*** Exercise data ***

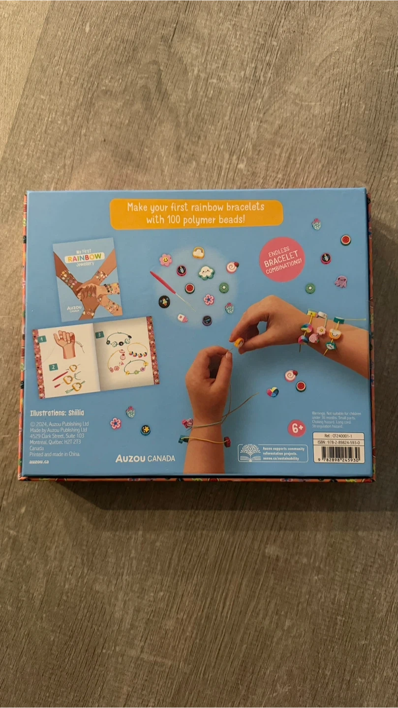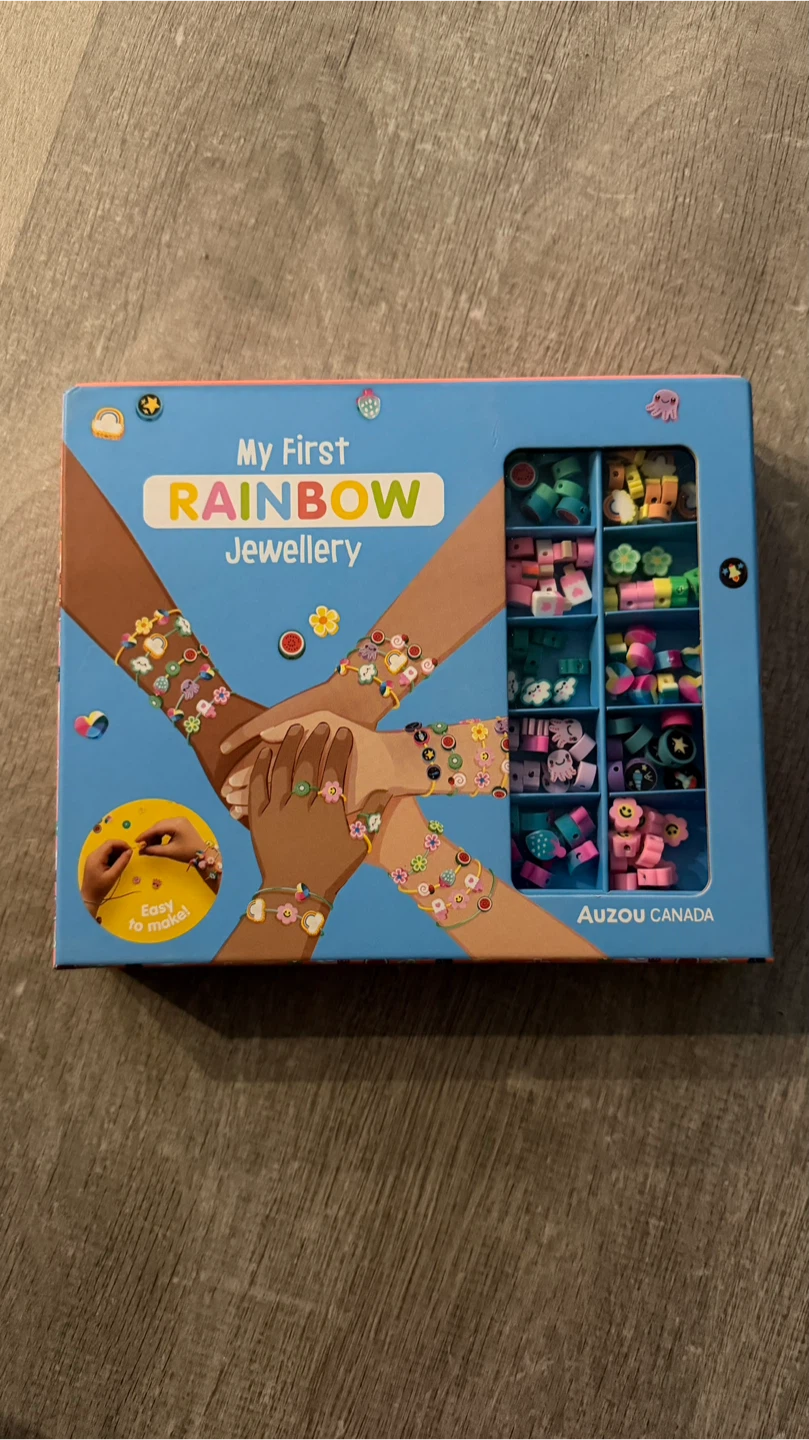 Selling a brand new Auzou Canada My First Rainbow Jewellery kit for children ages 6+. Make your first rainbow bracelets with 100 polymer beads.
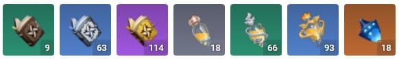 - اولین قدم برای این کار لول آپ و اسند کاراکتر هاست که به یه سری متریال هم نیاز داره شما اون متریال رو میتونید توی بخش زیر ببینید و برای فارم کردنشون اقدام کنید:
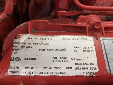Caterpillar 3208T Marine V8 Turbo, 270Hp @2800rpm Diesel engine Pump SPP Type TD20E 10x8 Flow 2000us gal/min head 125psig 2800Rpm imp 11.81" 367Hours
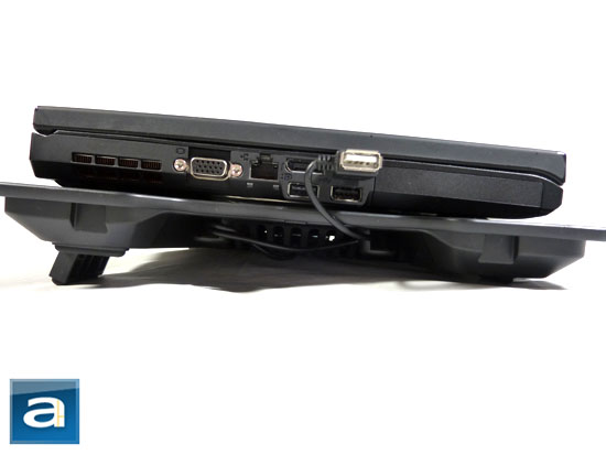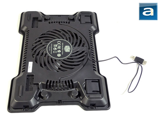 On the right side, you can also see two wire hooks, in case you happen to have a laptop that would have a wiring job done on the left side. The Cooler Master NotePal X-Slim provides cable management on the underside as well, to allow it to be connected to either the left or right side of your computer. This is a handy little feature, I might add -- as it means you have the flexibility to plug it in to wherever it suites your laptop, and keep it securely attached as well as hidden from view. The lack of USB ports on the cooler itself is both a good and bad thing. Since the USB cable does come with an extender, it is almost as if the cooler doesn't take up a USB slot; however, many coolers come with at least two additional USB ports, making the cooler act almost as if it were a USB hub. On the other hand, considering the design goal was to be lightweight and slim, just having an extender is acceptable; not to mention the X-Slim is only about $20 at press time. The part that gets to me is the only way to turn off the cooler is to unplug it from the laptop, and regardless of how lightweight you are trying to make the cooler, this is just a downright annoyance. Any device that uses power should come with a switch -- you wouldn't build a computer that can only be turned off by pulling the plug, so why should a notebook cooler be any different? This wasn’t the best design choice, as anything being plugged into the USB extender must also be removed and reattached to your laptop when you want to turn off the NotePal X-Slim.

*** End of Exercise data ***

What needs to be done: Give again, word for word, only the lines that run from the top of the data above through the line with "Caterpillar 3208T Marine". Drop the pictures.

Written answer:
 Selling a brand new Auzou Canada My First Rainbow Jewellery kit for children ages 6+. Make your first rainbow bracelets with 100 polymer beads.
 - اولین قدم برای این کار لول آپ و اسند کاراکتر هاست که به یه سری متریال هم نیاز داره شما اون متریال رو میتونید توی بخش زیر ببینید و برای فارم کردنشون اقدام کنید:
Caterpillar 3208T Marine V8 Turbo, 270Hp @2800rpm Diesel engine Pump SPP Type TD20E 10x8 Flow 2000us gal/min head 125psig 2800Rpm imp 11.81" 367Hours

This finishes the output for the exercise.